In order to increase productivity and incomes, poor farmers must be able to access production inputs such as fertilizer, irrigation water and high-yielding, locally adapted varieties of seed. They must also have access to research and extension services that enable them to use these technologies in the most efficient way to respond to evolving demand and product standards. Lastly, they need access to remunerative markets and the ability to negotiate with market intermediaries, so they can engage in markets on less unequal and more profitable terms.
This paper summarizes the findings of a study supported by IFAD’s Asia and the Pacific Division. The study reviewed the changing roles and responsibilities of the diverse players in the provision of rural services for sustainable agricultural growth, and offered recommendations for IFAD’s future institutional development support to countries in the region. The study included desk reviews of completed and ongoing agricultural/rural development projects in Bangladesh, Cambodia and Viet Nam, which were supplemented by a field visit to Cambodia and Viet Nam. The study assessed the successes and shortcomings of IFAD-supported projects in providing rural services to smallholders in these countries and recommended measures for future interventions.
An important conclusion of the study was that the building of lasting grassroots institutions would require enhanced support to strengthen the managerial, organizational and financial skills of the informal groups formed under various projects. Only in this way will it be possible to develop democratic and independent, demand-led rural producer organizations. The study calls for a continuing and important role for donor-funded projects in supporting reform of the institutions involved in development and dissemination of agricultural technologies. In this context, such projects should also support collaboration among key stakeholders, including community organizations, public institutions, non-governmental organizations, agribusiness and information and communications technology enterprises.

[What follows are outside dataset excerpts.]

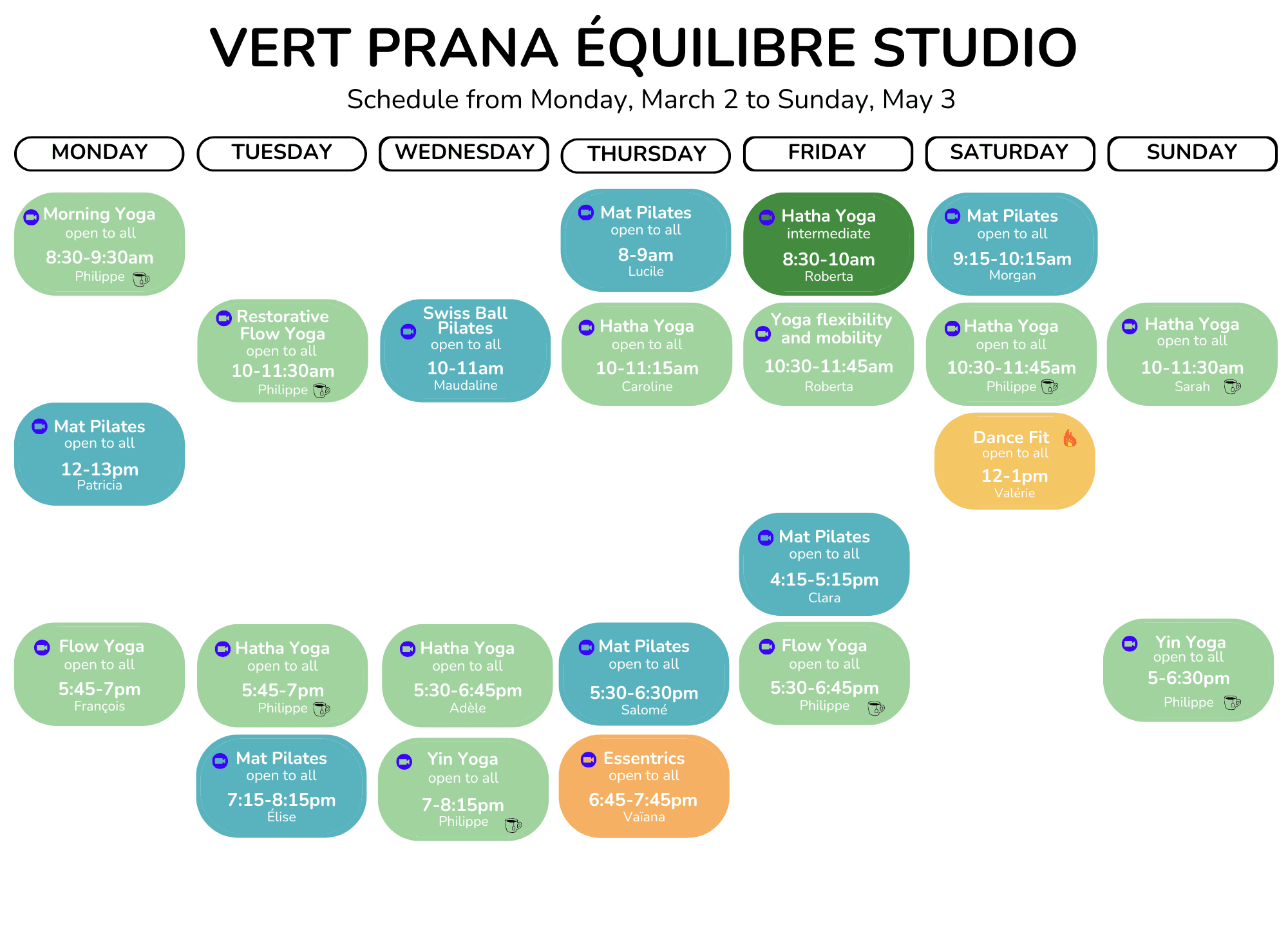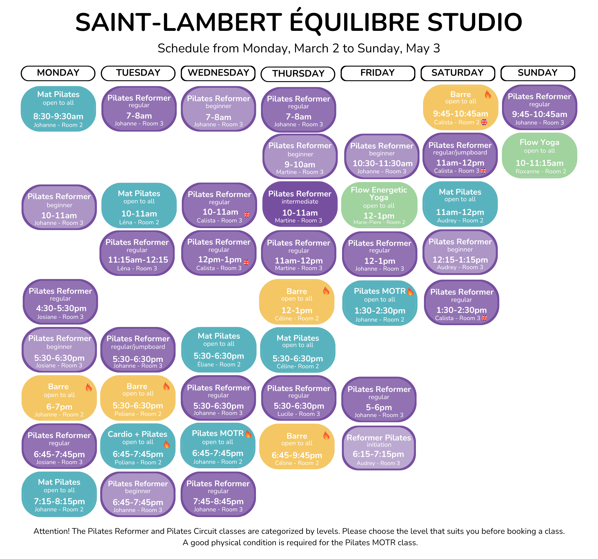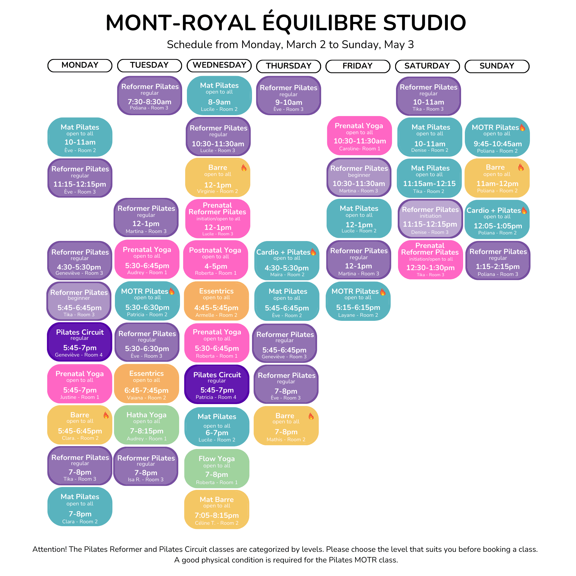 Schedules March 2 to May 3, 2026
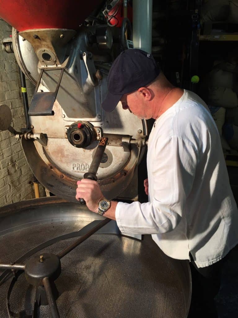 I have a number of roasters ranging from multi-barrelled sample roasters to a 90 kilos roaster. My favourite roaster by far is my direct flame Probat 22 kilo on which I have roasted for 25 years. It is so responsive and makes me feel connected to, and in total control of, the beans in the drum. I know every sound and squeak from her and she is completely reliable. The direct flame still gives IMO the most wonderful aromas and true development of the coffee bean. So many roasters have moved to hot air roasting, a mistake IMO.
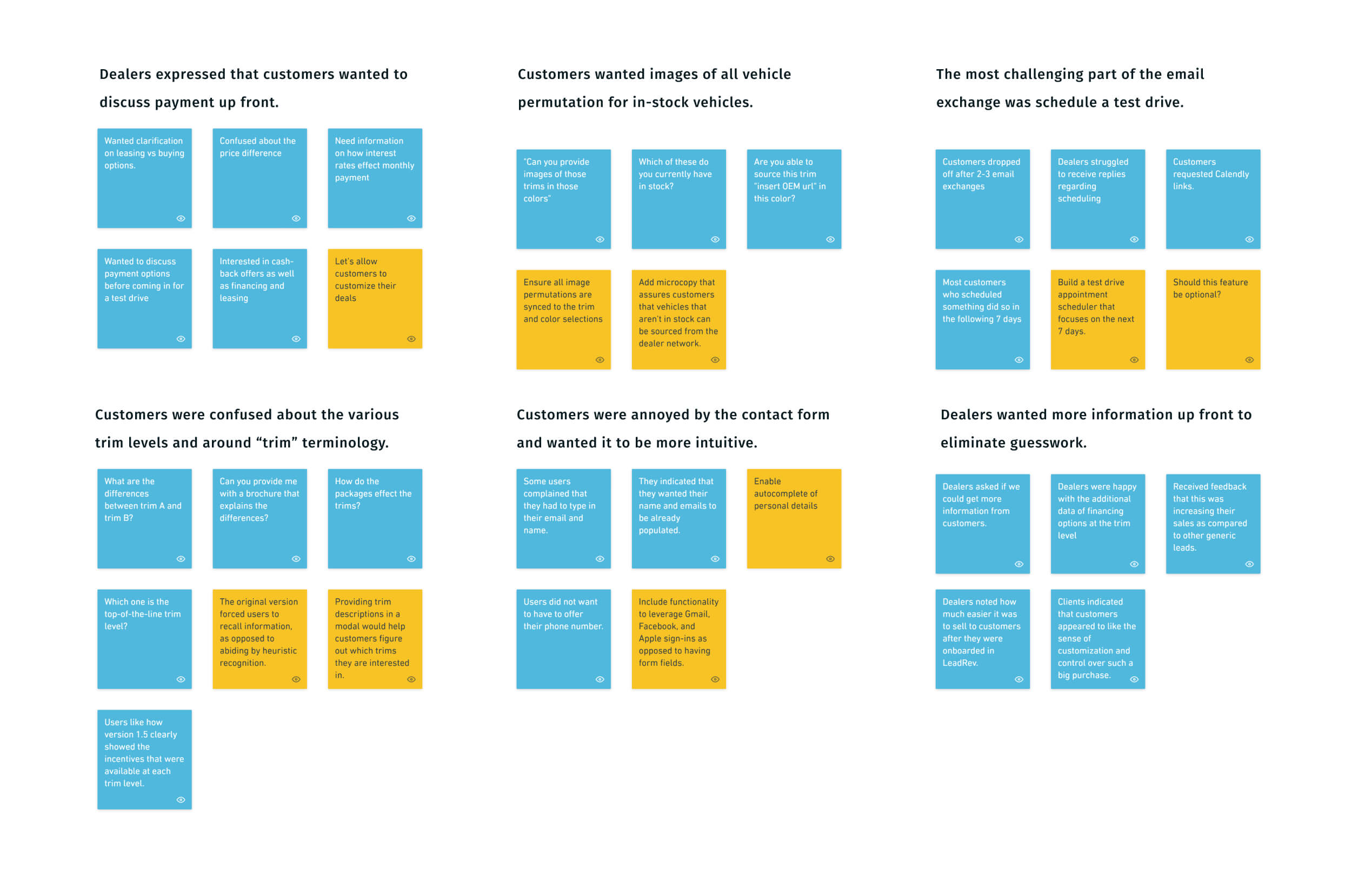 Key insights: We learned a lot. Dealers were guessing what customers wanted. Customers felt unheard and wanted to bargain up front. We mapped opportunities on a priority matrix and got to work on the redesign.
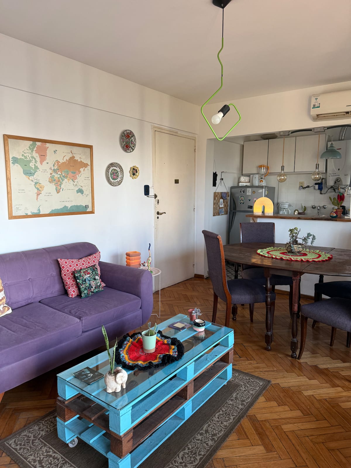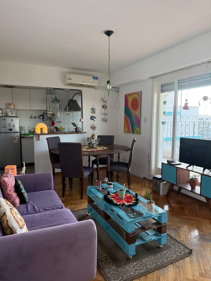 Квартира в Villa Devoto, в нескольких кварталах от Plaza Arenales. В ней есть ванная с ванной и биде, горячая вода, кондиционер Cold/Heat и электрическая плита. В спальне предусмотрены постельное бельё и большой шкаф; есть рабочий стол для ноутбука, микроволновая печь, холодильник и электрическая кофеварка. Также указаны Wi‑Fi, обеденный стол и посуда, а) частный внутренний двор/балкон с панорамным видом. В здании 2 лифта; платная парковка находится в 1 квартале. Курение не разрешено. Заселение
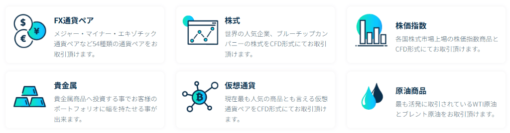 TradersTrustは投資商品数の評判も良く、FX通貨ペアに加え幅広い商品を取引できます。
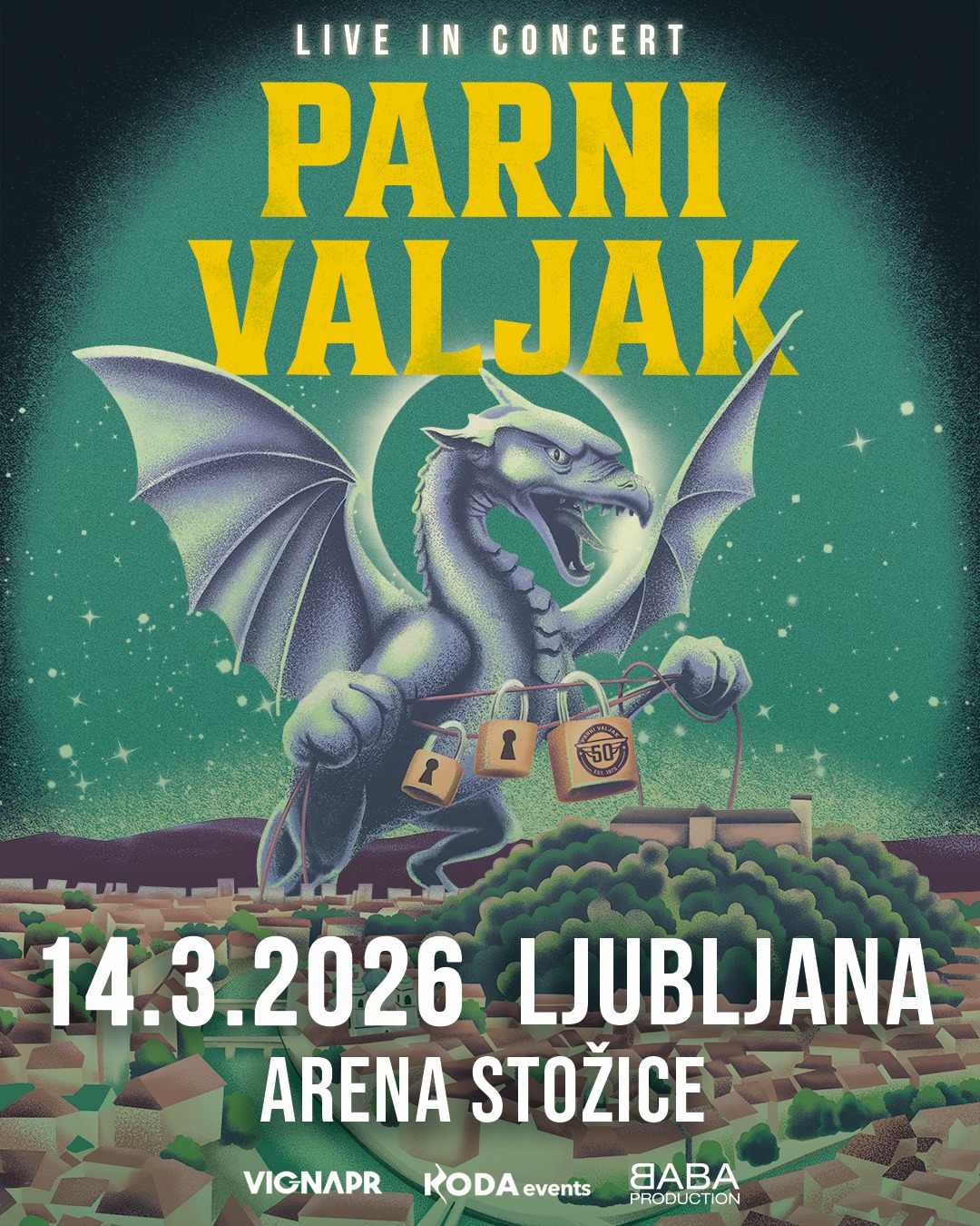 Jedan od najznačajnijih bendova s ovih prostora, Parni Valjak, donosi svoj veliki koncertni spektakl u ljubljansku Arenu Stožice 14. ožujka 2026. godine. U sklopu turneje „50“, kojom obilježavaju pola stoljeća glazbene povijesti, bend će još jednom pokazati zašto njihove pjesme i dalje povezuju generacije. Ulaznice su dostupne putem sustava Eventim.
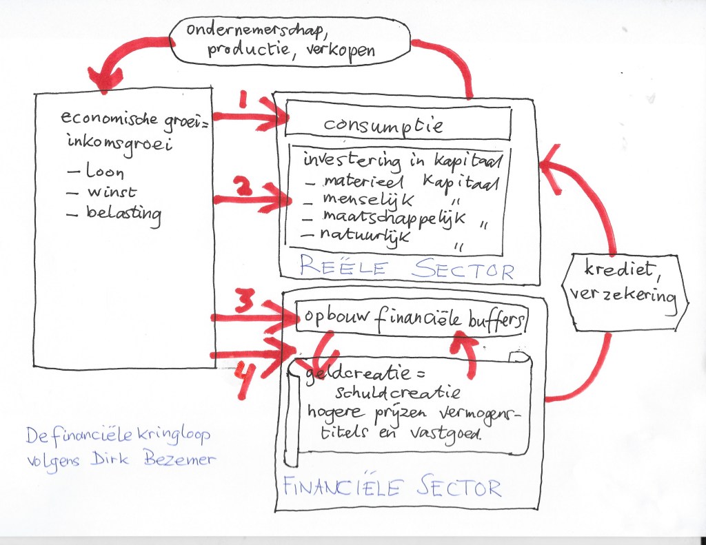 Sinds de vermogensmarkten zijn geliberaliseerd trekken ze makkelijk veel geld aan. Prijzen van vermogenstitels, bijvoorbeeld van aandelen, kunnen veel sneller stijgen dan winst uit productieprocessen. Financiële waarden zoals aandelen komen los te staan van de productieprocessen die ze vertegenwoordigen. Er wordt systematisch geld afgetapt door uitdijende vermogensmarkten. Zie de vierde rode pijl naar rechts. Er is geld genoeg. Maar we gebruiken het verkeerd. De overheid en de werkende mensen krijgen een steeds kleiner deel van de koek, mensen met vermogens een steeds groter deel. En er wordt volstrekt onvoldoende geïnvesteerd in de economie van de toekomst. Tot zover Bezemer.
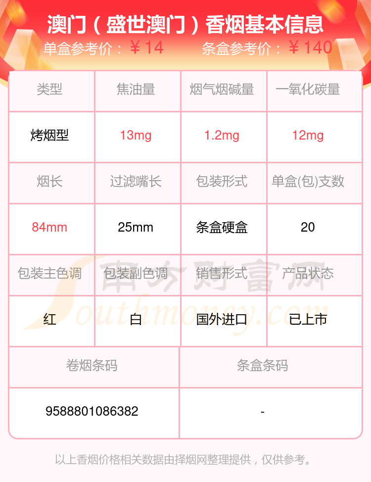 尼古丁量4mg以下的MACAU(澳门)香烟有哪些?择烟网为大家整理盘点,分别有:澳门(盛世澳门)、澳门(VIP)等,具体价格如下:
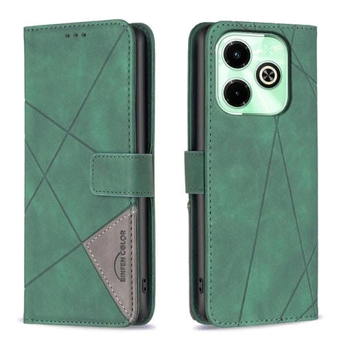 Funda de Cuero para Infinix Hot 40/40 Pro con Textura de Rombo y Hebilla Magnética (Verde)

In the area of seed production, the study highlighted the need for a relaxation of policies on the pricing of varietal seed, to enhance supply from private sources and community-based seed production initiatives. For marketing, it recommended further support to strengthening producer groups, providing information services, and developing equitable contract arrangements and guidelines for their enforcement. The study also identified the need to support analysis of the social and sustainability dimensions of contract farming – for example the implications on land-use changes, local employment, food security, poverty reduction and the environment – which so far have not received much attention.
Although the study was based on a review of selected IFAD-supported projects in three Asian countries, we believe that its findings and recommendations will be of interest to a wider audience of policymakers, development practitioners, donors, academics and civil society in developing countries.